Peut-on vraiment être hypnotisé à travers un écran de télévision ?
Cette question revient systématiquement après chaque diffusion télévisée des spectacles. La réponse est plus nuancée qu’il n’y paraît.
Le cas troublant du téléspectateur landais
Le samedi 21 mai 2016, lors de la diffusion de « Stars sous hypnose » sur TF1, Denis, 51 ans, regardait l’émission depuis son domicile dans les Landes. Ayant déjà pratiqué un peu cette discipline par le passé (ce qui augmentait sa réceptivité), il est entré en transe devant son écran. Problème : il est resté figé pendant plus d’une heure.
Face à l’inquiétude grandissante, son épouse a contacté les pompiers. Les secours, démunis devant cette situation inhabituelle, ont dû envisager plusieurs hypothèses médicales : accident ischémique transitoire, crise d’épilepsie partielle.
L’explication fournie par le Dr Garden-Brèche éclaire l’incident : Denis faisait probablement partie des 3% de personnes hypersuggestibles. Les langages verbal et paraverbal transmis par la télévision ont suffi à déclencher la transe. Mais contrairement aux volontaires sur scène, aucune phase de réassociation (le processus de réveil guidé) n’a été proposée aux téléspectateurs.
Qui est réellement concerné par ce phénomène ?
Oui, l’hypnose à distance est possible. À la télévision ou par téléphone, les langages verbal et paraverbal restent opérants. En revanche, le langage non-verbal disparaît totalement, ce qui réduit l’efficacité de l’induction.
Le Dr Garden-Brèche tempère : « Cela ne veut pas dire qu’on peut hypnotiser tout le monde à distance. » Seules les personnes déjà très réceptives (ces fameux 3 à 20%) sont susceptibles d’entrer en transe via un écran. Plusieurs conditions doivent être réunies : réceptivité élevée, concentration intense, lâcher-prise volontaire.
La majorité de la population n’est donc pas à risque. Vous pouvez regarder tranquillement une émission sans craindre de vous retrouver figé sur votre canapé. Néanmoins, l’absence de mise en garde systématique dans les émissions pose question, surtout pour les personnes qui ignorent leur hypersuggestibilité.
Quelles sont les limites réelles de cette pratique en spectacle ?
Si cette forme d’induction est bien réelle, peut-on pour autant faire faire n’importe quoi à quelqu’un sous transe ? Cette inquiétude légitime mérite une réponse claire.
Ce qu’on ne peut pas faire faire
Contrairement à certaines craintes, cette technique ne transforme pas une personne en pantin dépourvu de volonté.
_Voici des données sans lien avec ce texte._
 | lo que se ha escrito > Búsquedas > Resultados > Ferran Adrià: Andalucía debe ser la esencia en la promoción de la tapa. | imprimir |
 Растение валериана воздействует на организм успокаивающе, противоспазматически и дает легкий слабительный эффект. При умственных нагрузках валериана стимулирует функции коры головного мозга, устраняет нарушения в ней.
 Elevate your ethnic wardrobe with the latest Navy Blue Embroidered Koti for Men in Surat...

Le sujet garde une part de contrôle et ne peut être amené à commettre des actes contraires à ses valeurs profondes ou à sa morale personnelle.
Révéler un secret ? Techniquement possible, mais la personne opposera généralement une résistance inconsciente si le secret est vraiment sensible. Commettre un crime ? Non, car le refus inconscient se manifesterait immédiatement. En revanche, des actions humoristiques socialement acceptables (danser, chanter) passent sans difficulté.
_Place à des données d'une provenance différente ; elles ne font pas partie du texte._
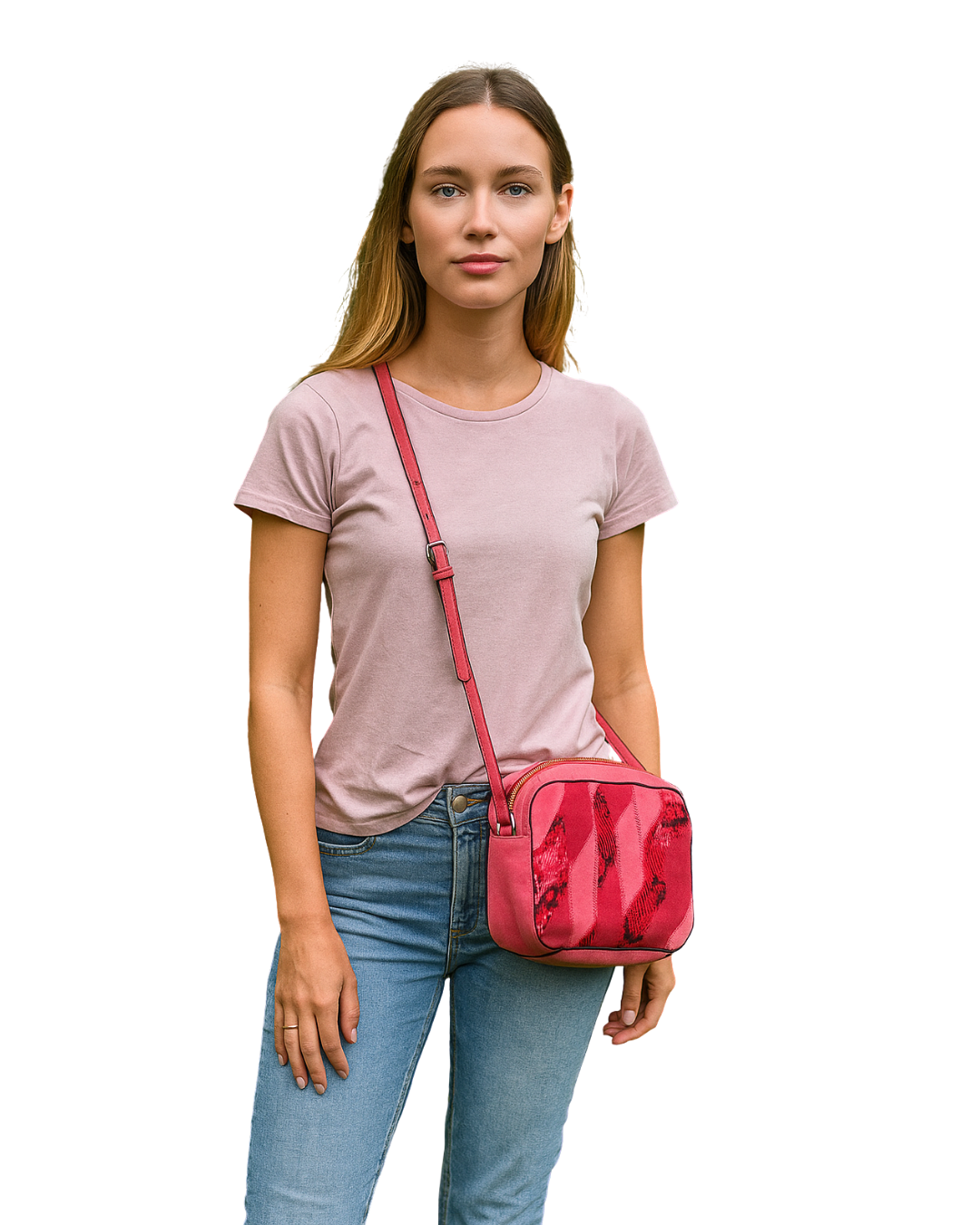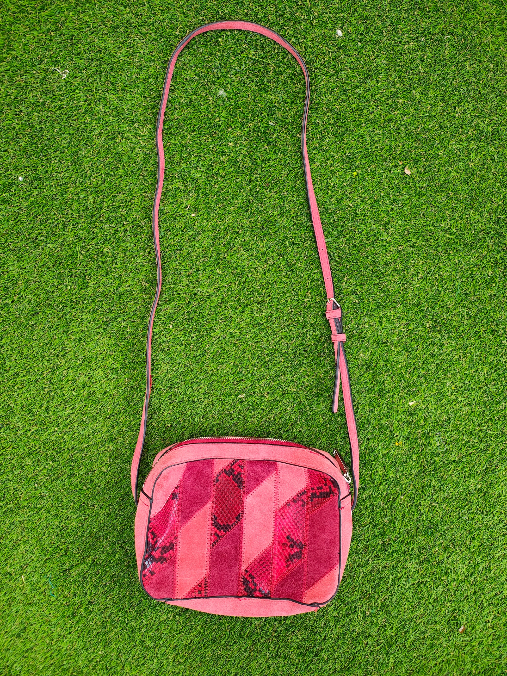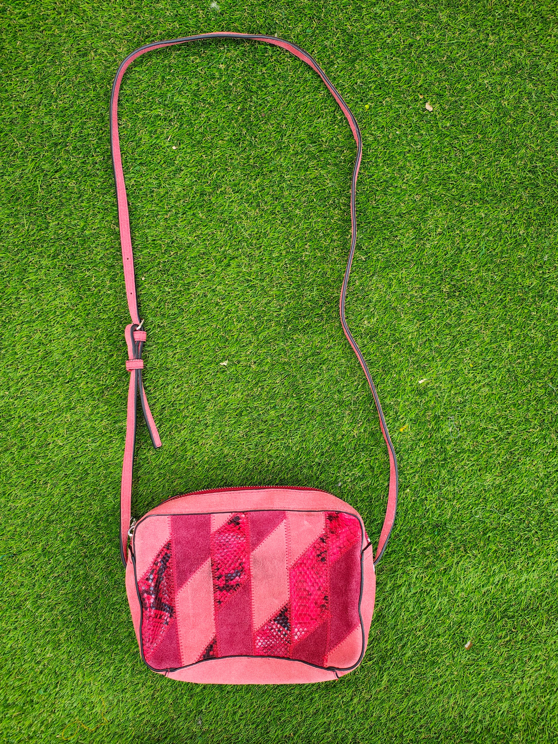 👜 Petit sac bandoulière au design patchwork dans les tons rose et fuchsia, combinant des imprimés unis, suède et effet peau de serpent. Anse réglable et fermeture zippée. Intérieur doublé avec une poche zippée. Un design jeune, accrocheur et polyvalent pour égayer toutes vos tenues décontractées ou de soirée.

Le Dr Garden-Brèche utilise une métaphore éclairante : « C’est comme un scalpel. Entre les mains d’un chirurgien, il sauve des vies. Entre de mauvaises mains, il peut blesser. » L’outil est neutre ; c’est l’éthique de l’hypnotiseur qui détermine son usage.
La différence entre spectacle et usage thérapeutique
Il est essentiel de ne pas confondre ces deux pratiques. Le spectacle vise le divertissement : humour, émerveillement, situations cocasses. L’usage thérapeutique poursuit un objectif de soin : gestion de la douleur, accompagnement psychologique, traitement des phobies.
Les méthodes diffèrent également. En spectacle, Messmer utilise une approche classique (rapide, directive, basée sur des ordres directs). En cabinet, les hypnothérapeutes privilégient une méthode éricksonienne (douce, indirecte, respectueuse du rythme du patient).
Messmer lui-même insiste sur cette distinction dans ses spectacles. Il renvoie systématiquement vers les professionnels de santé pour toute utilisation thérapeutique et ne revendique aucun pouvoir de guérison.